DATA EXTRACT
---*---
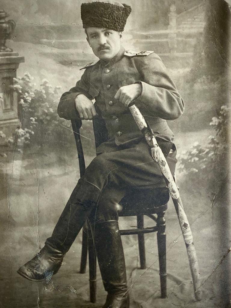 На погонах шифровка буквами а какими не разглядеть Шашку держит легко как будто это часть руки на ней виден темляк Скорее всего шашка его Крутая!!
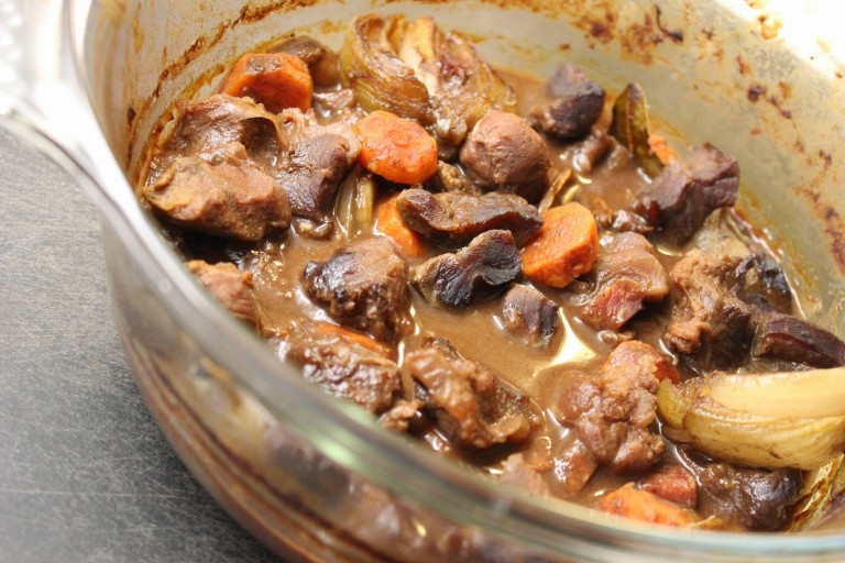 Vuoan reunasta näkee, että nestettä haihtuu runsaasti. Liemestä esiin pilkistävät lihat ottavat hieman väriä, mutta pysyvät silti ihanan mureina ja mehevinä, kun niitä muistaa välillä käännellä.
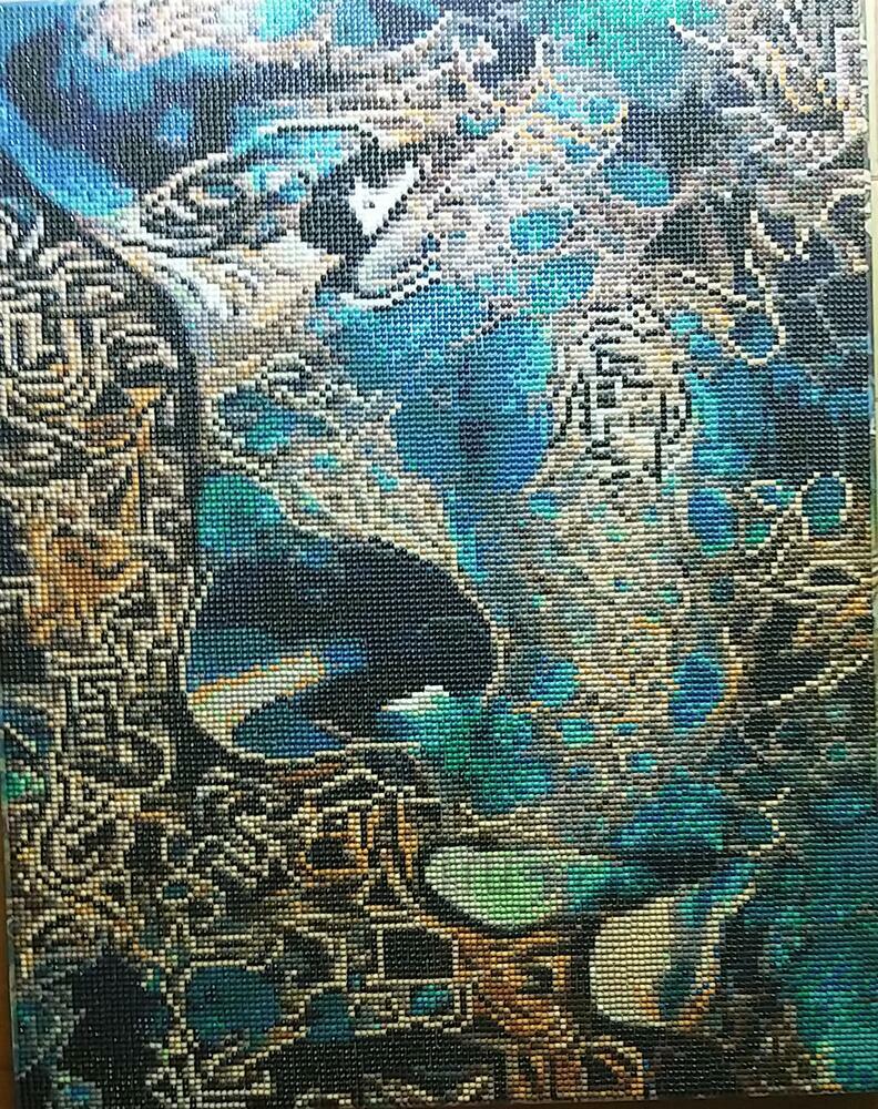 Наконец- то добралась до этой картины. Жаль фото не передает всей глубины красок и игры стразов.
---*---
PROBLEM TO WORK ON
An exact transcription of the listing is required, and it must contain no pictures.

SOLUTION BELOW
 На погонах шифровка буквами а какими не разглядеть Шашку держит легко как будто это часть руки на ней виден темляк Скорее всего шашка его Крутая!!
 Vuoan reunasta näkee, että nestettä haihtuu runsaasti. Liemestä esiin pilkistävät lihat ottavat hieman väriä, mutta pysyvät silti ihanan mureina ja mehevinä, kun niitä muistaa välillä käännellä.
 Наконец- то добралась до этой картины. Жаль фото не передает всей глубины красок и игры стразов.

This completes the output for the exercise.